REQUIRED ACTION.
What are the lines below, starting at the line containing "- The IP-ARIO" and ending at the line containing "встановлено нові лави."? Write them out exactly, ends included, without pictures.

THE DATA.
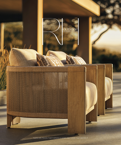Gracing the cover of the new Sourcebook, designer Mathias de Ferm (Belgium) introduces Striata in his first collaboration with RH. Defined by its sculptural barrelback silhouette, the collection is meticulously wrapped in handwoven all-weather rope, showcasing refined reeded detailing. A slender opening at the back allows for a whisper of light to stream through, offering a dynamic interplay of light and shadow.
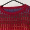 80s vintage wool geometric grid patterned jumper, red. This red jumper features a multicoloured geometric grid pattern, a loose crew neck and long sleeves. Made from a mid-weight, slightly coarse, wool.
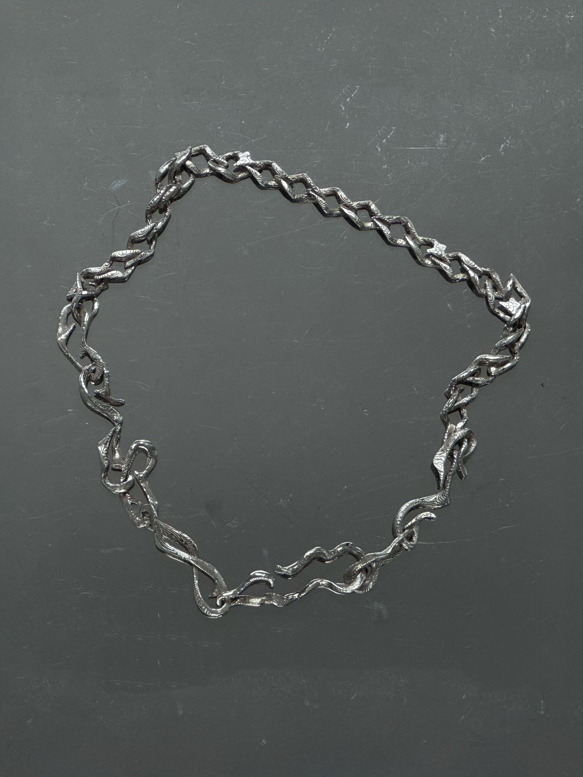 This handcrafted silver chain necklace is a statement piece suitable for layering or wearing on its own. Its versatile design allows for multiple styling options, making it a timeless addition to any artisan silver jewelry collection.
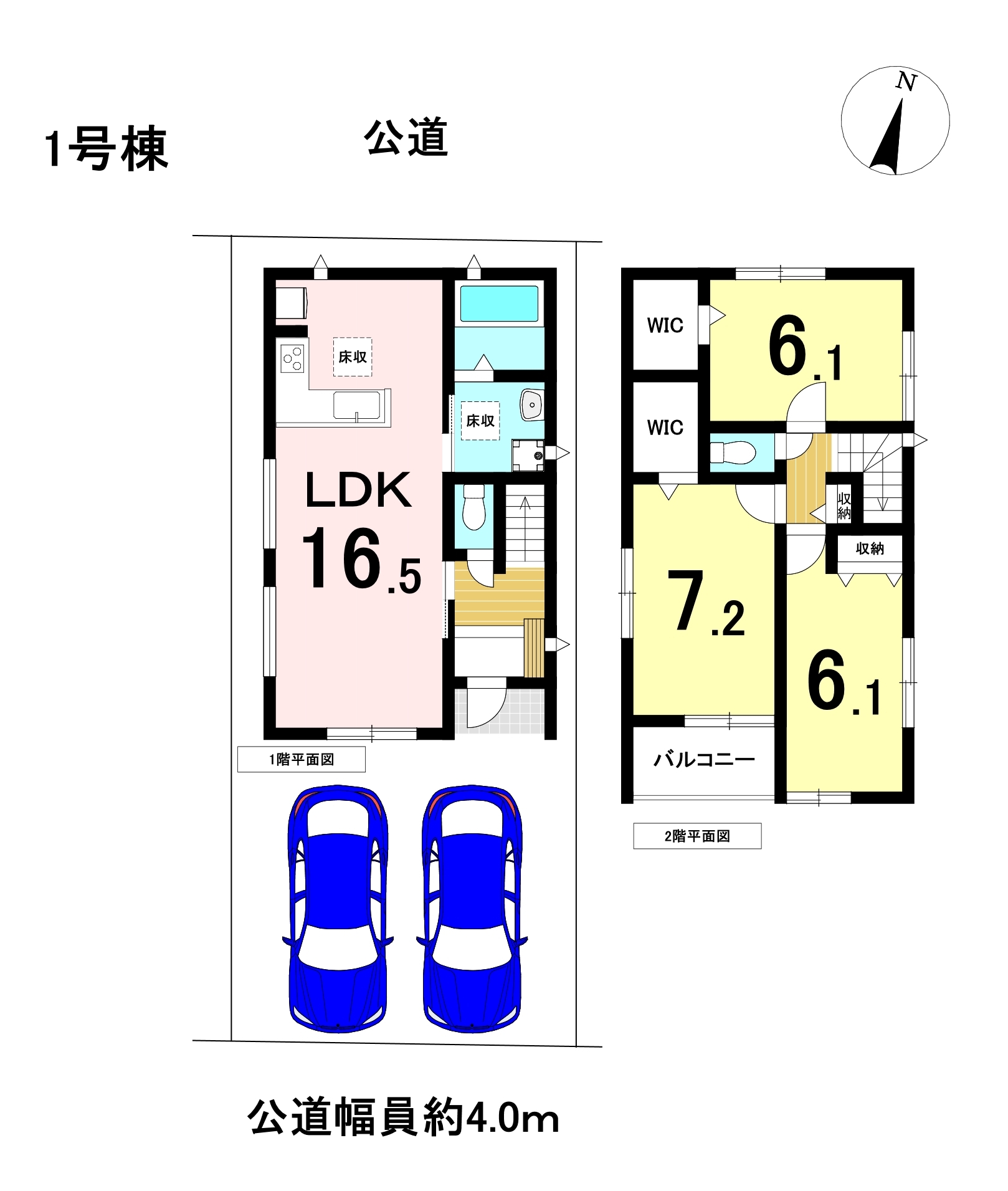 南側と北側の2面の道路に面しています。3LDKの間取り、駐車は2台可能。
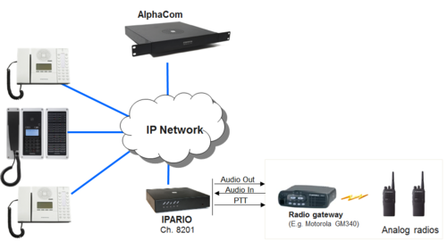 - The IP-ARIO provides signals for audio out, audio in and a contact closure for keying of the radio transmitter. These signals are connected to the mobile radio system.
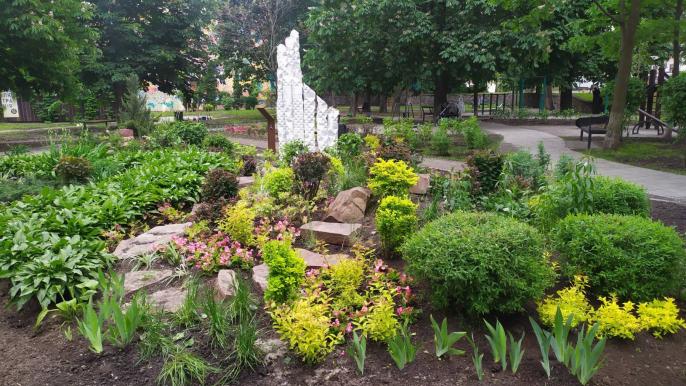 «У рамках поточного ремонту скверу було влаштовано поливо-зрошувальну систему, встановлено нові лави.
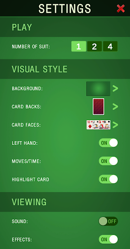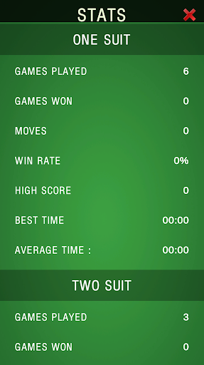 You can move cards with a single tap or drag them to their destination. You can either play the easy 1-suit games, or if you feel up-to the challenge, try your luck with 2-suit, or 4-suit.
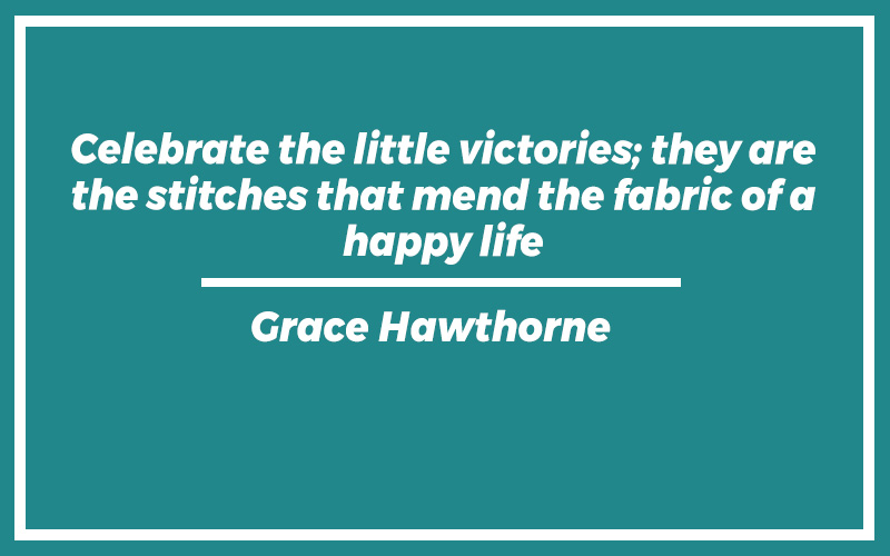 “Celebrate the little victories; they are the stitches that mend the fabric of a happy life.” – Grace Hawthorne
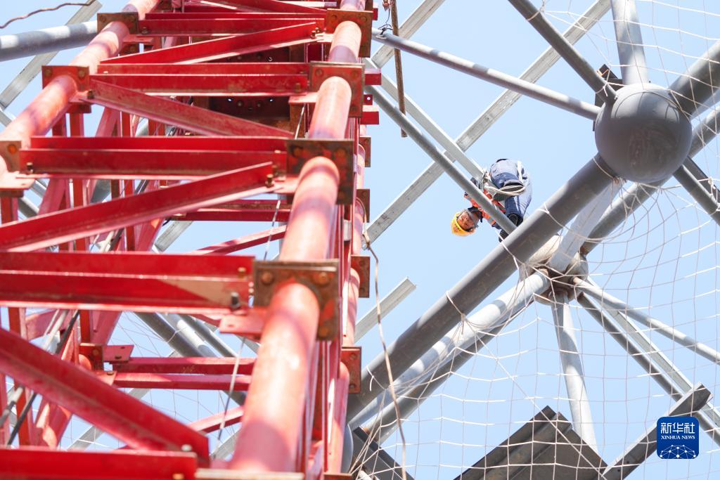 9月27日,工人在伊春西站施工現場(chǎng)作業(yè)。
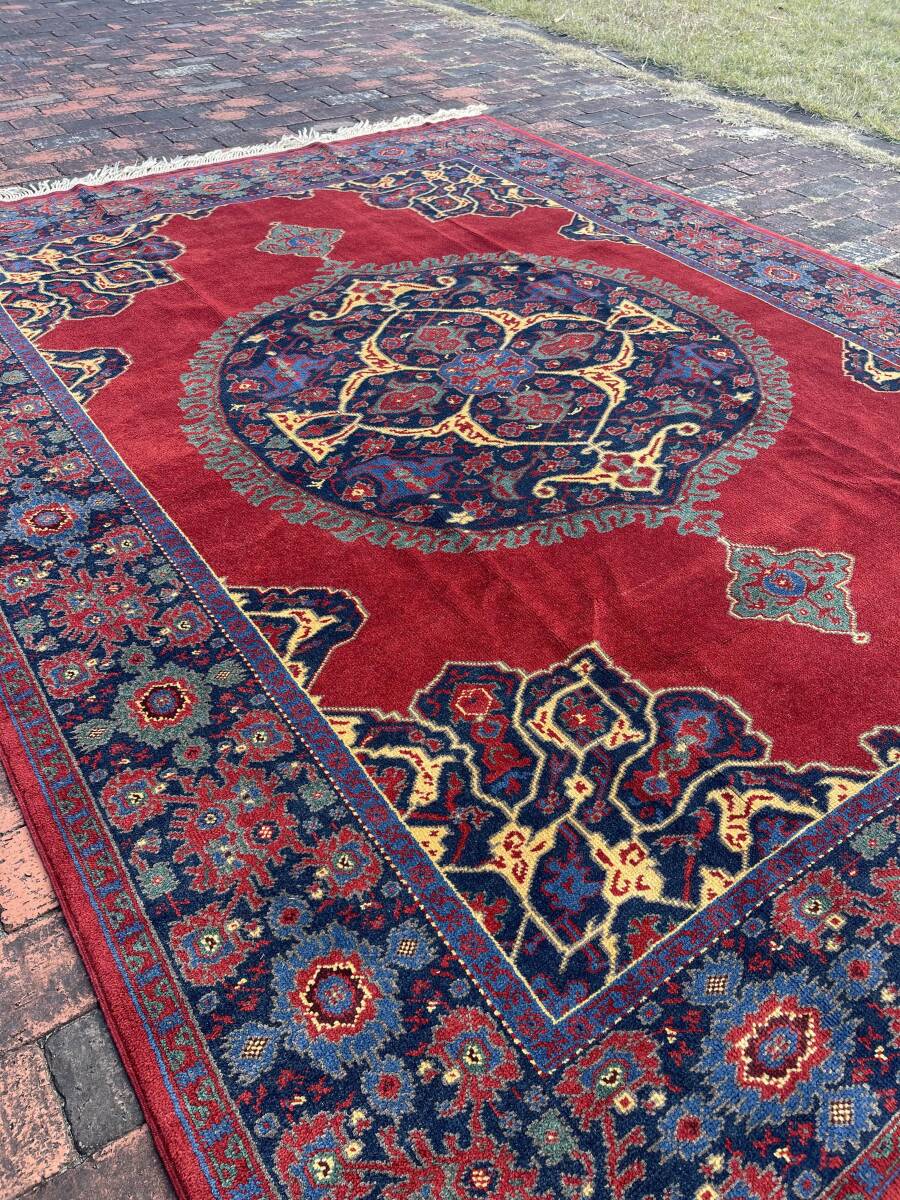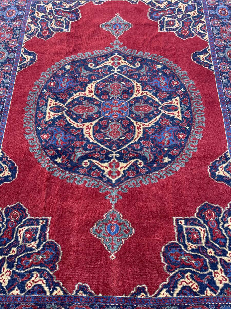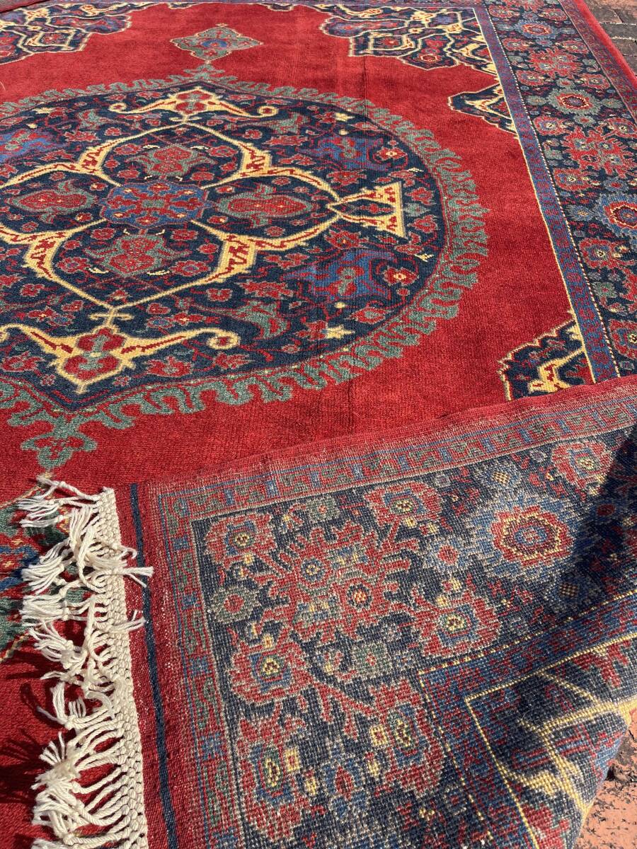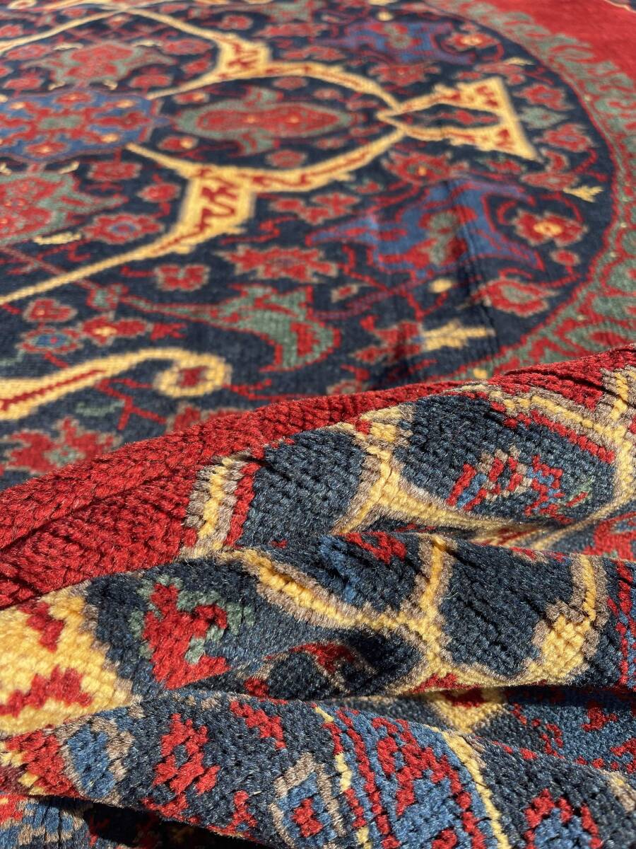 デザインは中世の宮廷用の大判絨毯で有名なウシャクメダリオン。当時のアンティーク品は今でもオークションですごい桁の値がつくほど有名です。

ANSWER TO THE EXERCISE.
 - The IP-ARIO provides signals for audio out, audio in and a contact closure for keying of the radio transmitter. These signals are connected to the mobile radio system.
 «У рамках поточного ремонту скверу було влаштовано поливо-зрошувальну систему, встановлено нові лави.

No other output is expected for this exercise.